And now it's time to introduce the second key woman in this story.
Marjorie Mills, I feel like I always want to wear a feathered hat when I talk to her because she was famous for wearing these very flamboyant hats.
So she was the first female reporter for the Boston Herald Traveler, which now folks know as the the Boston Herald, which was one of the major newspapers in Boston back in the day and has continued until today.
And she became the editor of what was known at that time as the Women's Pages.
And she was really well known as just being really personable and got to know everybody in Boston.
So she was writing the gossip column, writing recipes.
talking about restaurants that were opening, giving advice about shortcuts for your own recipes.
And because she was a leader in media in Boston, was called upon as radio developed in Boston in the 1920s.
Just like Fannie Farmer's marshmallow boosting was assisted by a technological leap forward in egg beating, Marjorie Mills got on the fluff train just as radio was picking up.
So she initially was a guest on shows and then came to be a host of her own all the way until like the 70s.
I think of her as a little bit like an early Martha Stewart because she was a woman in the media and personable and connected with a lot of people, she was called upon to endorse a lot of products.
So she endorsed everything from Nestle's chocolate to King Arthur Flour and famously marshmallow fluff.
And she became a close friend of Durkee Mower.
Every year, Fred and Alan would recognize the anniversary of their company and a number of those anniversaries where they would cut a cake.
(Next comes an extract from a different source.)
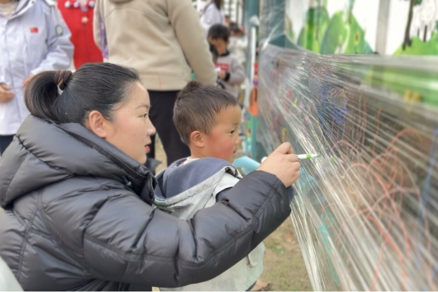 D区·创想制作区:聚焦“协同育人”与“未来创想”。亲子共同挑战“跳舞的盐”、“气球火箭”“摩擦力体验”等科学小实验,在动手操作中感知科学原理;在“未来智慧幼儿园”画卷前,孩子们用画笔、纸杯和纸牌,共同描绘出对未来幼儿园的无限想象。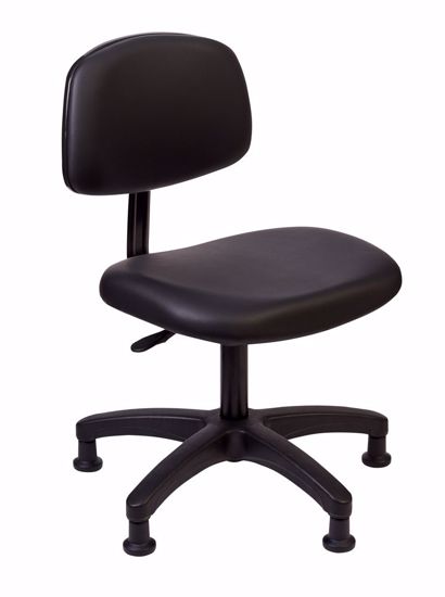 Formed to fit you—our ergonomic vinyl upholstered chairs feature a contoured waterfall seat cushion and an adjustable back rest with lumbar support for increased comfort. Upholstery color: Black. They easily adjust in height with a smooth pneumatic circle adjustment range of 18" - 23"H. They come standard with black non-marring glides, but optional non-locking casters are available with a weight capacity of 300 lbs. All backed by a 15-year warranty—lifetime on the pneumatic lift.

There's Marjorie Mills and her hat in the back beaming away.
Durkee Mower launched their product in 1920.
And you know what else happened in 1920?
KDKA Pittsburgh became the first radio station to receive a commercial license from the government.
So Derkey Mower were part of the very first ones of trying out this new medium.
Durkee Mower was advertising in print mediums, but they realized they could so much more effectively spread the word and much more cheaply through radio.
Alan Durkee had actually been a radio operator in World War I.
So, he was a little familiar with the medium, and their adman was Carl Frost, who had served in the Coast Guard, which radio initially was mostly tied with, obviously, ships.
So, Marjorie Mills Mills is pimping fluff on air.
But she's not alone.
Meet the flufferet.
So in the early days of radio, because it was non-commercial, they couldn't do a straight commercial.
So the performers would be named after the products that were being sponsored for that 15-minute block of programming or so.
So for Dirkie Mower, their band was known as the Flufferettes.
And even after radio went commercial and they could do a legitimate ad on the air, the Flufferettes continued to be the highlight of their 15-minute show.
And they continued all the way into the very beginning of TV, so all the way into the early 1950s with their radio programming.
The Flufferettes became an institution and lasted for decades, but obviously the lineup changed.
So they had a number of different performers took on the name of the Flufferettes over the years.
Some of those performers came to be big names, like Joe Rines and Horace Height.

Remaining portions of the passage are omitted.